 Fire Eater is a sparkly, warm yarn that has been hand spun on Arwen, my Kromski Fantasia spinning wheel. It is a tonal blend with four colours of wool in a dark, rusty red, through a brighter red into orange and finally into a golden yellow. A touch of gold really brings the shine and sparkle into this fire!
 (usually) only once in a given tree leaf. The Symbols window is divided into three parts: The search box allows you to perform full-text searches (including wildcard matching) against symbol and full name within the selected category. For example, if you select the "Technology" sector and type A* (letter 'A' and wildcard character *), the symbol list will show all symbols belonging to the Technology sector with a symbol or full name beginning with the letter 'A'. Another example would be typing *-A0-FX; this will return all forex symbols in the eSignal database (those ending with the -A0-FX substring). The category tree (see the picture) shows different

...

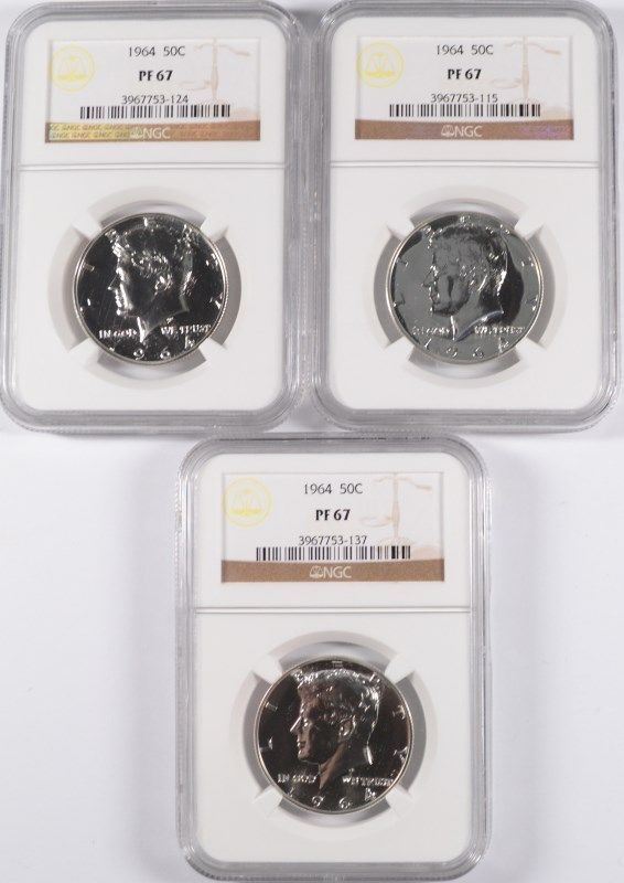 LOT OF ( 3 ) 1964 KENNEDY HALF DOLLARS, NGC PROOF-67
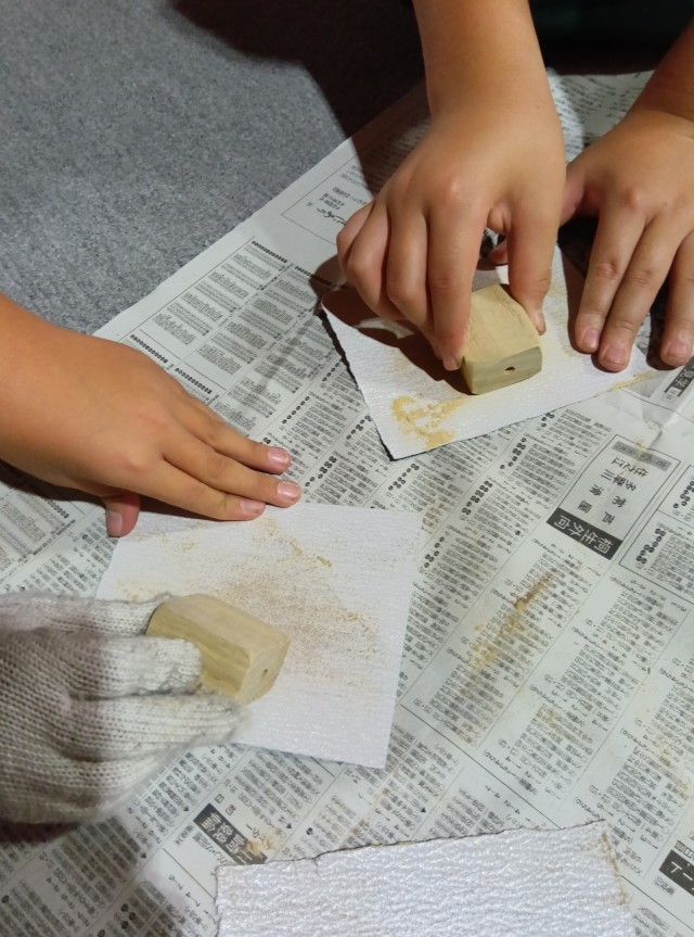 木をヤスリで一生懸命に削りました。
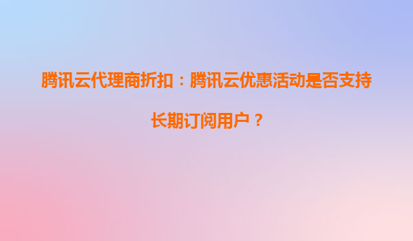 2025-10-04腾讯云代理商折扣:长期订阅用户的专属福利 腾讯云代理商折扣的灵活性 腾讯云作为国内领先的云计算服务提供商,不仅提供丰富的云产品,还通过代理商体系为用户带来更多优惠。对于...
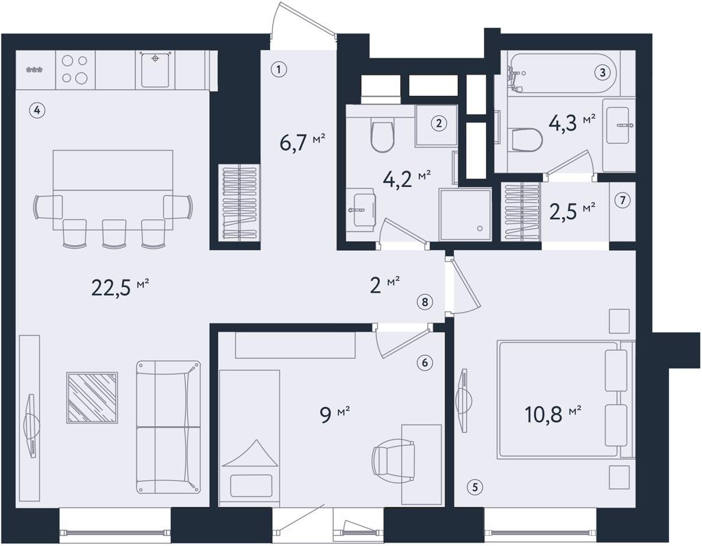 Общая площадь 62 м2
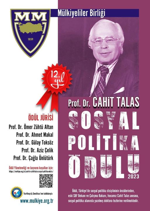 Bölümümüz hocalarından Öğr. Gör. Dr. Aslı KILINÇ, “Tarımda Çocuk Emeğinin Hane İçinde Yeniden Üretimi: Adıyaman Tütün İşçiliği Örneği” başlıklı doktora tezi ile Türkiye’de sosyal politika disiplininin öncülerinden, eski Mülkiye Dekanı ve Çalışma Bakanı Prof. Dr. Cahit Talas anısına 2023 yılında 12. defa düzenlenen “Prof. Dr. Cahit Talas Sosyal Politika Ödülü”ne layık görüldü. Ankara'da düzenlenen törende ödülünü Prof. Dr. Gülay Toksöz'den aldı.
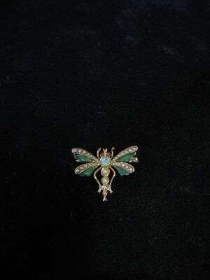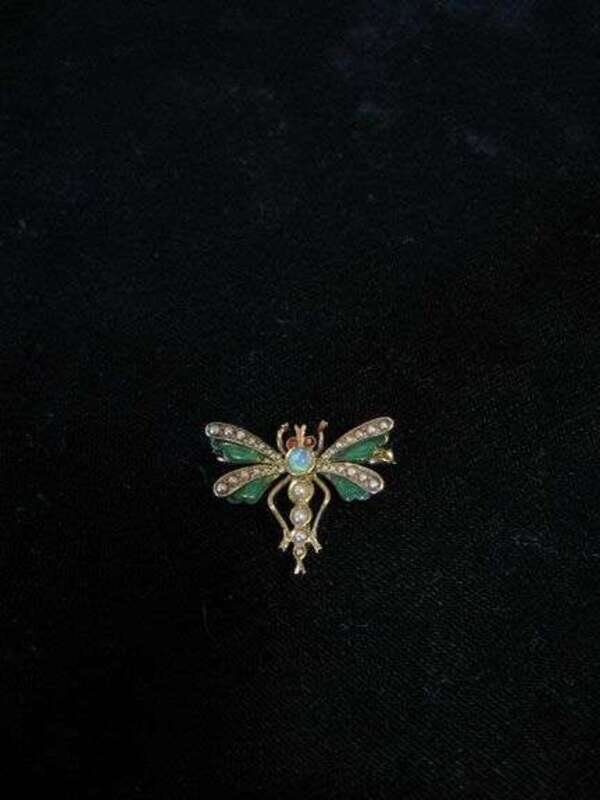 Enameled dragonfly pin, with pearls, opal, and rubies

* ABOUT THIS EXERCISE *
Search the entries for the word "into" and gather every line where it appears.

* COMPLETED EXERCISE *
 Fire Eater is a sparkly, warm yarn that has been hand spun on Arwen, my Kromski Fantasia spinning wheel. It is a tonal blend with four colours of wool in a dark, rusty red, through a brighter red into orange and finally into a golden yellow. A touch of gold really brings the shine and sparkle into this fire!
 (usually) only once in a given tree leaf. The Symbols window is divided into three parts: The search box allows you to perform full-text searches (including wildcard matching) against symbol and full name within the selected category. For example, if you select the "Technology" sector and type A* (letter 'A' and wildcard character *), the symbol list will show all symbols belonging to the Technology sector with a symbol or full name beginning with the letter 'A'. Another example would be typing *-A0-FX; this will return all forex symbols in the eSignal database (those ending with the -A0-FX substring). The category tree (see the picture) shows different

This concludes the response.